Monday, May 18, 2009

Bye American?

I read an interesting article at The Daily Beast today that mentioned provisions for American businesses getting bail outs, and how badly the "Buy American" concept is actually capable of hurting American businesses (read article here. The problem, of course, is that it's easy to toss out slogans and feel-good campaigns, and it's easy for politicians to think up what concepts will get them the most credit for "trying hard" in order to get elected. It's much harder to spend time thinking and researching and being intelligent... so they just don't bother a lot of the time. We all suffer from it every once in a while. We're all fools for it.

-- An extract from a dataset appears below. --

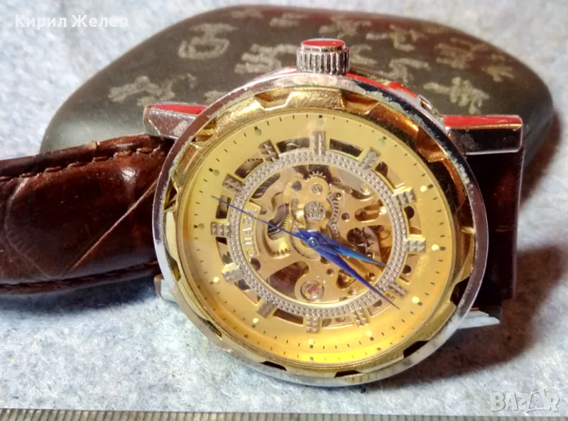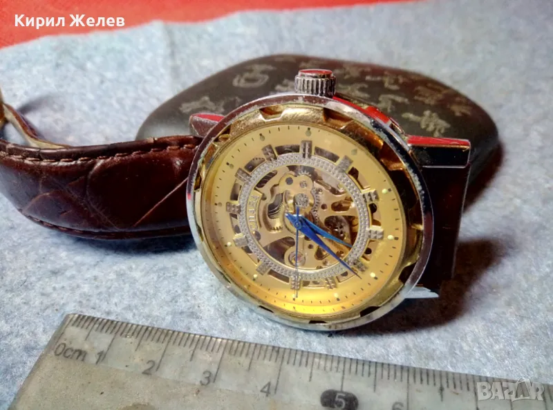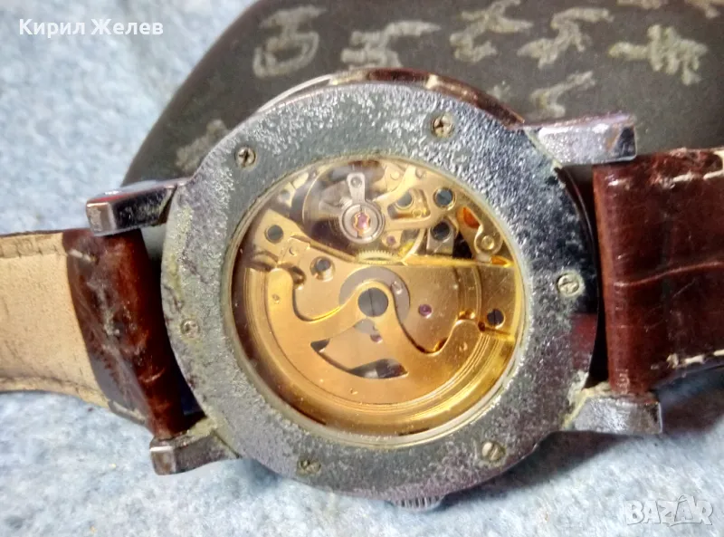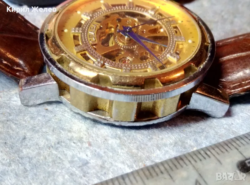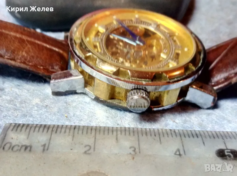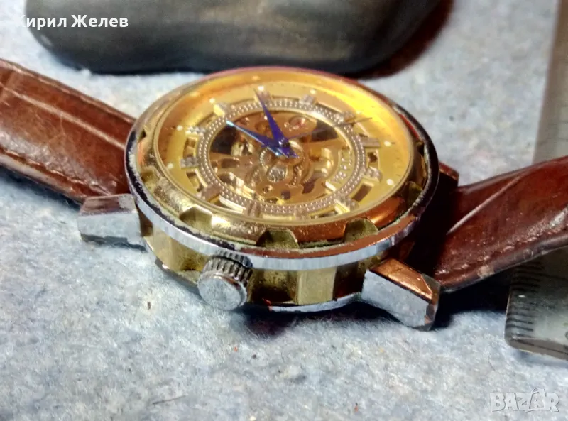 СЛАВА Скелетон РУСКИ ЧАСОВНИК АВТОМАТИК с КАИШКА Nagata SPAIN Естествена КОЖА ФУНКЦИОНИРАЩ 49334
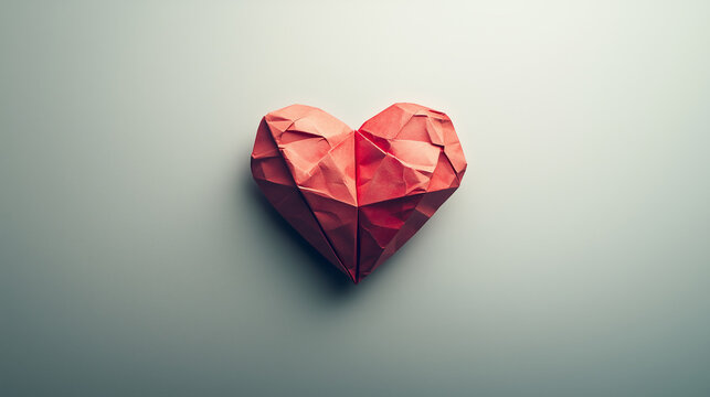 origami kars paper heart on neutral gray background for valentine's day

So, what's the key? Buy local.

Honestly, if you want the economy to pick up, you need to buy locally. Granted, if you're willing to go out and spend some cash, period, it makes a difference, but the local area shopping is what will make the difference. If Subway charges you five dollars for a foot long, and the local deli charges you $6.50, you are actually doing more damage to your local economy by saving the buck and a half (not to mention that your local deli will have better supplies, it will taste better, and you'll get far better service). Consider this: the local deli employs local people, and the more money that they make, the more money can be used to hire more local people. Local delis buy at least some of their supplies from local merchants - farms, bakeries and so forth; even larger distributors are more likely to be within an hour or two, as opposed to Chicago to New York.

The more money and business that a local business can make, the more local employees they can hire, the more local money that there is to spend on other local vendors - and even the big boys - which also leads to excess funds to be used for movies, plays, vacations, new cars and so forth. Spending local helps. I'm not going to cry that Wal-Mart of Home Depot are evil. They are far from it, in fact. If you live in a small town, however, consider how much savings you actually have by going off to a big box store that is a few miles away, or buying local.

Try spending local. Try helping out the neighborhood. Try helping to lift the economy. Besides, it's kind of neat to become a regular. Nothing like everybody knowing your name.